**** The data

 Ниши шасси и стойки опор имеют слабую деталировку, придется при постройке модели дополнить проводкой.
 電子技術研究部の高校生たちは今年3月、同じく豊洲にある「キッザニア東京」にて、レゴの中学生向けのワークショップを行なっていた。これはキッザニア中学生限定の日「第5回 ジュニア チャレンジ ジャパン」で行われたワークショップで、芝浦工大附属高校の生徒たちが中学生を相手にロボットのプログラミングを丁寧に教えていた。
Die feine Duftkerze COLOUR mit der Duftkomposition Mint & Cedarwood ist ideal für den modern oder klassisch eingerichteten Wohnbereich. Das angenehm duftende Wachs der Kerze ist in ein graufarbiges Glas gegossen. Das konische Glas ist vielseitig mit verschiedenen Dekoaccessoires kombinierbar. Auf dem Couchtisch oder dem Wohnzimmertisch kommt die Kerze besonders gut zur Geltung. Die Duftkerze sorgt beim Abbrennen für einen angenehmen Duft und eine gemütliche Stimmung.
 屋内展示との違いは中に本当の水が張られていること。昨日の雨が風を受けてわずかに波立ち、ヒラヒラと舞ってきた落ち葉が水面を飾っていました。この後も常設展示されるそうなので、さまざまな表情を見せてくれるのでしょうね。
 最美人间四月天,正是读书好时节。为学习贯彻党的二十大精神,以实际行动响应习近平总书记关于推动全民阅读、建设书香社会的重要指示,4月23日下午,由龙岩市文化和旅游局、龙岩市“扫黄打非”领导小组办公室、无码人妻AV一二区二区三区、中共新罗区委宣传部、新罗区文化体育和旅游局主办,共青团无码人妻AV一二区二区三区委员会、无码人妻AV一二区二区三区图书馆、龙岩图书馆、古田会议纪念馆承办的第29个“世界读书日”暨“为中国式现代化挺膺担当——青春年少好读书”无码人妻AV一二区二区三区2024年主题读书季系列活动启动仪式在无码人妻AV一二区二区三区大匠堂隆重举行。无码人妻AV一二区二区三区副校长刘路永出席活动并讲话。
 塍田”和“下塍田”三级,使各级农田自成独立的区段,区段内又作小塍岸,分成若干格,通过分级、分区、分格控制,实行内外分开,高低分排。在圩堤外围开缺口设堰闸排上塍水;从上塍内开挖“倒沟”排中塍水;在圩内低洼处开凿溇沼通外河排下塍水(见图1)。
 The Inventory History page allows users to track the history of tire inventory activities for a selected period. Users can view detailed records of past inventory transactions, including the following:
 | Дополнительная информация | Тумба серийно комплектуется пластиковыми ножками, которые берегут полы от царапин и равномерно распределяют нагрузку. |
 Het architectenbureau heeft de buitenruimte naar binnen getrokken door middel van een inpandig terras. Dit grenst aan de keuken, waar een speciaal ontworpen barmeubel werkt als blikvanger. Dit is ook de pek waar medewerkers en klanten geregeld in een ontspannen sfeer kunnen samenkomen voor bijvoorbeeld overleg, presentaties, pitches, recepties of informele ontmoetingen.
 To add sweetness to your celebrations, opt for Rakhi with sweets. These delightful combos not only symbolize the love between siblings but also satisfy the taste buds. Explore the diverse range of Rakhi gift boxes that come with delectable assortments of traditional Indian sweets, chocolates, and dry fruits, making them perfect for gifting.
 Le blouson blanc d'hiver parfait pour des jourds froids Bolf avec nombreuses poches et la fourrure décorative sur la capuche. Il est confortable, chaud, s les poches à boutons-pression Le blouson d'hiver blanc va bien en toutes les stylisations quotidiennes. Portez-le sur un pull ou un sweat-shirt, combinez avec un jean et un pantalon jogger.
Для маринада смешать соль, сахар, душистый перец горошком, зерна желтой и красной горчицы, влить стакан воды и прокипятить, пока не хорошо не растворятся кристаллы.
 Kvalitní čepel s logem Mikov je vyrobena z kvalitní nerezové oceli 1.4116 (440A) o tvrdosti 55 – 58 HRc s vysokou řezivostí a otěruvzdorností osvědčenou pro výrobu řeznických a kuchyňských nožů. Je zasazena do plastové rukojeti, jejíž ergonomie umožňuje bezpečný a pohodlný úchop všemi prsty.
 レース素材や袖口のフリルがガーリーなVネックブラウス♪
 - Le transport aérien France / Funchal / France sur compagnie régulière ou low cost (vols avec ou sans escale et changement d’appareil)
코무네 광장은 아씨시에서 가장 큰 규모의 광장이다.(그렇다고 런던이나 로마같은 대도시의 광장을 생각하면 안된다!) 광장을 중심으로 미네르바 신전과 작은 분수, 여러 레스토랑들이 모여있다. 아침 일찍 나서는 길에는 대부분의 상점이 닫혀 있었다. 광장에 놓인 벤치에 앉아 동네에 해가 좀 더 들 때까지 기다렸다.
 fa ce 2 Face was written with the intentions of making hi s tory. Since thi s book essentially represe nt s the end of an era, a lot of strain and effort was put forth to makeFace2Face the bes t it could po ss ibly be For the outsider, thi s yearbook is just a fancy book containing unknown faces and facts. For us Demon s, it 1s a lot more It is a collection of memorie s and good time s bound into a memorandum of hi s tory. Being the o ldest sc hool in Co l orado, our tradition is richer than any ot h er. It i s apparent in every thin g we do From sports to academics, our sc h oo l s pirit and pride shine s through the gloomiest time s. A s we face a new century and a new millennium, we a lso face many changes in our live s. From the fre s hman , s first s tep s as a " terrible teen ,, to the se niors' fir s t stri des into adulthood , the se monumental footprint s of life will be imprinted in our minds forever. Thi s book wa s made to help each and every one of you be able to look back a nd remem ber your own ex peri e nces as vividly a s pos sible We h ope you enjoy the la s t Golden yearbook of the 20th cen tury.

********

> **Task to complete**: Copy all the records above exactly, missing none.

> **Response to the task**:
 Ниши шасси и стойки опор имеют слабую деталировку, придется при постройке модели дополнить проводкой.
 電子技術研究部の高校生たちは今年3月、同じく豊洲にある「キッザニア東京」にて、レゴの中学生向けのワークショップを行なっていた。これはキッザニア中学生限定の日「第5回 ジュニア チャレンジ ジャパン」で行われたワークショップで、芝浦工大附属高校の生徒たちが中学生を相手にロボットのプログラミングを丁寧に教えていた。
Die feine Duftkerze COLOUR mit der Duftkomposition Mint & Cedarwood ist ideal für den modern oder klassisch eingerichteten Wohnbereich. Das angenehm duftende Wachs der Kerze ist in ein graufarbiges Glas gegossen. Das konische Glas ist vielseitig mit verschiedenen Dekoaccessoires kombinierbar. Auf dem Couchtisch oder dem Wohnzimmertisch kommt die Kerze besonders gut zur Geltung. Die Duftkerze sorgt beim Abbrennen für einen angenehmen Duft und eine gemütliche Stimmung.
 屋内展示との違いは中に本当の水が張られていること。昨日の雨が風を受けてわずかに波立ち、ヒラヒラと舞ってきた落ち葉が水面を飾っていました。この後も常設展示されるそうなので、さまざまな表情を見せてくれるのでしょうね。
 最美人间四月天,正是读书好时节。为学习贯彻党的二十大精神,以实际行动响应习近平总书记关于推动全民阅读、建设书香社会的重要指示,4月23日下午,由龙岩市文化和旅游局、龙岩市“扫黄打非”领导小组办公室、无码人妻AV一二区二区三区、中共新罗区委宣传部、新罗区文化体育和旅游局主办,共青团无码人妻AV一二区二区三区委员会、无码人妻AV一二区二区三区图书馆、龙岩图书馆、古田会议纪念馆承办的第29个“世界读书日”暨“为中国式现代化挺膺担当——青春年少好读书”无码人妻AV一二区二区三区2024年主题读书季系列活动启动仪式在无码人妻AV一二区二区三区大匠堂隆重举行。无码人妻AV一二区二区三区副校长刘路永出席活动并讲话。
 塍田”和“下塍田”三级,使各级农田自成独立的区段,区段内又作小塍岸,分成若干格,通过分级、分区、分格控制,实行内外分开,高低分排。在圩堤外围开缺口设堰闸排上塍水;从上塍内开挖“倒沟”排中塍水;在圩内低洼处开凿溇沼通外河排下塍水(见图1)。
 The Inventory History page allows users to track the history of tire inventory activities for a selected period. Users can view detailed records of past inventory transactions, including the following:
 | Дополнительная информация | Тумба серийно комплектуется пластиковыми ножками, которые берегут полы от царапин и равномерно распределяют нагрузку. |
 Het architectenbureau heeft de buitenruimte naar binnen getrokken door middel van een inpandig terras. Dit grenst aan de keuken, waar een speciaal ontworpen barmeubel werkt als blikvanger. Dit is ook de pek waar medewerkers en klanten geregeld in een ontspannen sfeer kunnen samenkomen voor bijvoorbeeld overleg, presentaties, pitches, recepties of informele ontmoetingen.
 To add sweetness to your celebrations, opt for Rakhi with sweets. These delightful combos not only symbolize the love between siblings but also satisfy the taste buds. Explore the diverse range of Rakhi gift boxes that come with delectable assortments of traditional Indian sweets, chocolates, and dry fruits, making them perfect for gifting.
 Le blouson blanc d'hiver parfait pour des jourds froids Bolf avec nombreuses poches et la fourrure décorative sur la capuche. Il est confortable, chaud, s les poches à boutons-pression Le blouson d'hiver blanc va bien en toutes les stylisations quotidiennes. Portez-le sur un pull ou un sweat-shirt, combinez avec un jean et un pantalon jogger.
Для маринада смешать соль, сахар, душистый перец горошком, зерна желтой и красной горчицы, влить стакан воды и прокипятить, пока не хорошо не растворятся кристаллы.
 Kvalitní čepel s logem Mikov je vyrobena z kvalitní nerezové oceli 1.4116 (440A) o tvrdosti 55 – 58 HRc s vysokou řezivostí a otěruvzdorností osvědčenou pro výrobu řeznických a kuchyňských nožů. Je zasazena do plastové rukojeti, jejíž ergonomie umožňuje bezpečný a pohodlný úchop všemi prsty.
 レース素材や袖口のフリルがガーリーなVネックブラウス♪
 - Le transport aérien France / Funchal / France sur compagnie régulière ou low cost (vols avec ou sans escale et changement d’appareil)
코무네 광장은 아씨시에서 가장 큰 규모의 광장이다.(그렇다고 런던이나 로마같은 대도시의 광장을 생각하면 안된다!) 광장을 중심으로 미네르바 신전과 작은 분수, 여러 레스토랑들이 모여있다. 아침 일찍 나서는 길에는 대부분의 상점이 닫혀 있었다. 광장에 놓인 벤치에 앉아 동네에 해가 좀 더 들 때까지 기다렸다.
 fa ce 2 Face was written with the intentions of making hi s tory. Since thi s book essentially represe nt s the end of an era, a lot of strain and effort was put forth to makeFace2Face the bes t it could po ss ibly be For the outsider, thi s yearbook is just a fancy book containing unknown faces and facts. For us Demon s, it 1s a lot more It is a collection of memorie s and good time s bound into a memorandum of hi s tory. Being the o ldest sc hool in Co l orado, our tradition is richer than any ot h er. It i s apparent in every thin g we do From sports to academics, our sc h oo l s pirit and pride shine s through the gloomiest time s. A s we face a new century and a new millennium, we a lso face many changes in our live s. From the fre s hman , s first s tep s as a " terrible teen ,, to the se niors' fir s t stri des into adulthood , the se monumental footprint s of life will be imprinted in our minds forever. Thi s book wa s made to help each and every one of you be able to look back a nd remem ber your own ex peri e nces as vividly a s pos sible We h ope you enjoy the la s t Golden yearbook of the 20th cen tury.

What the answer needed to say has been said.